The report, from the Richmond Group of Charities, says that the UK is not on target to meet the World Health Organisation (WHO) goal of reducing avoidable deaths for men by 25% by 2025, and will only narrowly pass its target for women.

It says that reaching this target would mean preventing 249,700 deaths and 820,000 years lived with disability, which will require measures including raising the price of alcohol, a tax on sugary drinks and redesigning urban environments to encourage physical activity.

Saffron Cordery, director of policy and strategy at NHS Providers, said she supported the goal of improving lifestyles to prevent health problems.

“By focusing solely on the problems of today we are storing up even greater problems for the future,” she said. “Preventable ill health costs individuals, costs the NHS and costs the economy.”
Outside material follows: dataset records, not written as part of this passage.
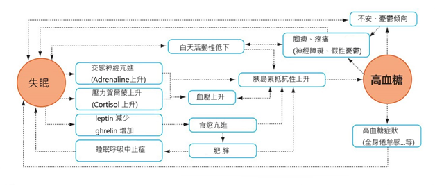 睡眠不足會造成成長賀爾蒙、腎上腺素、 cortisol分泌增加而使葡萄糖的耐性變差,胰島素的阻抗性上升造成血糖容易上升。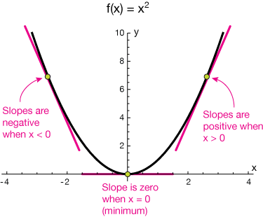1)当我的导数是一个正数时,更低点在 -X 轴的方向; 2)当我的导数是一个负数时,更低点在 +X 轴的方向; 3)那么,不管我的导数是正数还是负数,它的反方向,就是更低点的方向。 4)沿着导数的反方向走,必将走到一个相对最低点。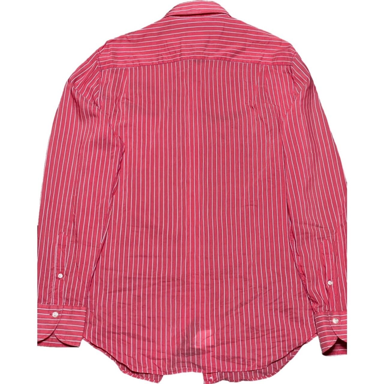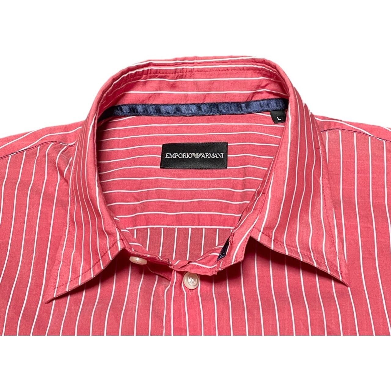 EMPORIO ARMANI コットンシルク長袖ストライプシャツ レッド Lサイズ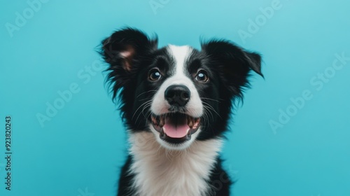 © Maximilian, Fototapeta premium Happy Border Collie on Blue Background
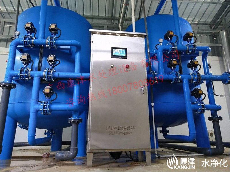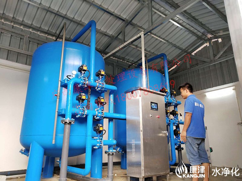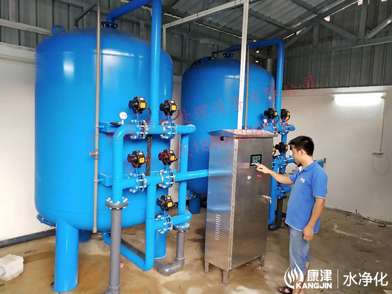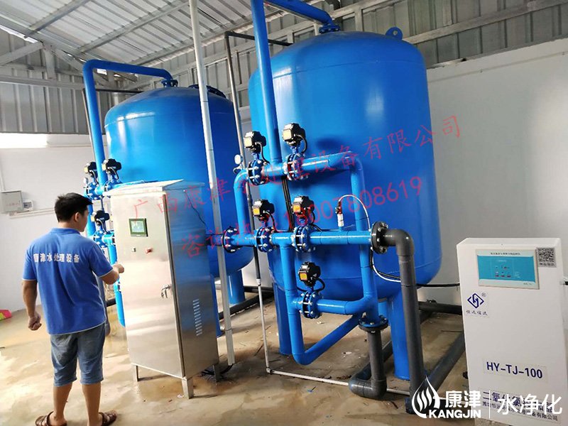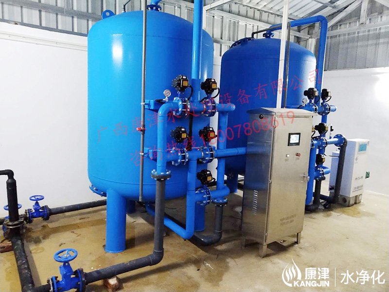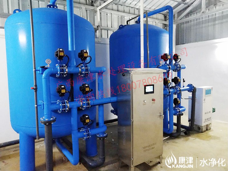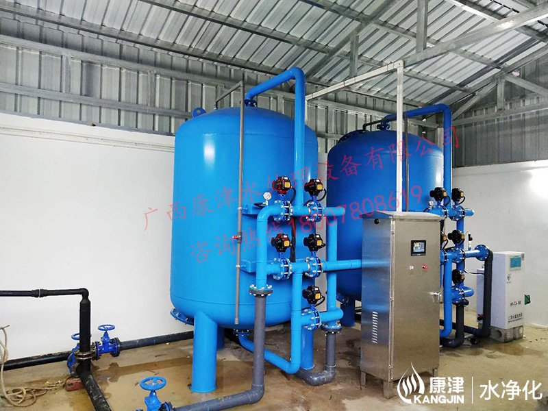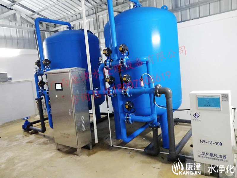 項目名稱:貴港市六吉地下水凈化工程 設備名稱:20噸壓力式凈水設備 工藝流程:地下水-石英砂過濾器-二氧化氯消毒-加壓泵-高位水塔 產品型號:KJ-DF-1500...
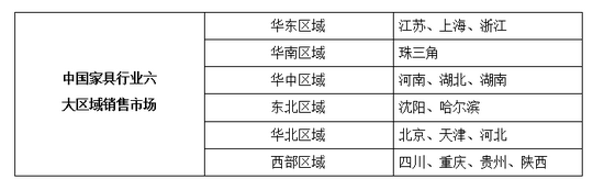 隨著家具產(chǎn)業(yè)業(yè)態(tài)集群化出現(xiàn),家具消費(fèi)市場(chǎng)也呈現(xiàn)出了相應(yīng)的區(qū)域化特征,目前我國(guó)家具業(yè)呈現(xiàn)出了六大區(qū)域銷售市場(chǎng),它們分別是以蘇州為中心的華東區(qū)域市場(chǎng),以廣州和深圳為中心的華南銷售市場(chǎng),以武漢、鄭州為中心的中原市場(chǎng),以北京和香河為中心的華北市場(chǎng),以重慶、成都為中心的西南市場(chǎng)…

She added that using public services to promote prevention of health problems was “even more urgent” because of the financial crisis in the NHS.

The Chartered Institute of Public Finance and Accountancy recently predicted that the NHS deficit could hit £16bn by 2020 and warned that the Five Year Forward View, designed to improve prevention, may already be outdated.

The news comes as a report from eurostat shows that 34.2% of the deaths in the UK in 2013, due to factors such as cancer and heart disease, could have been prevented with better health care.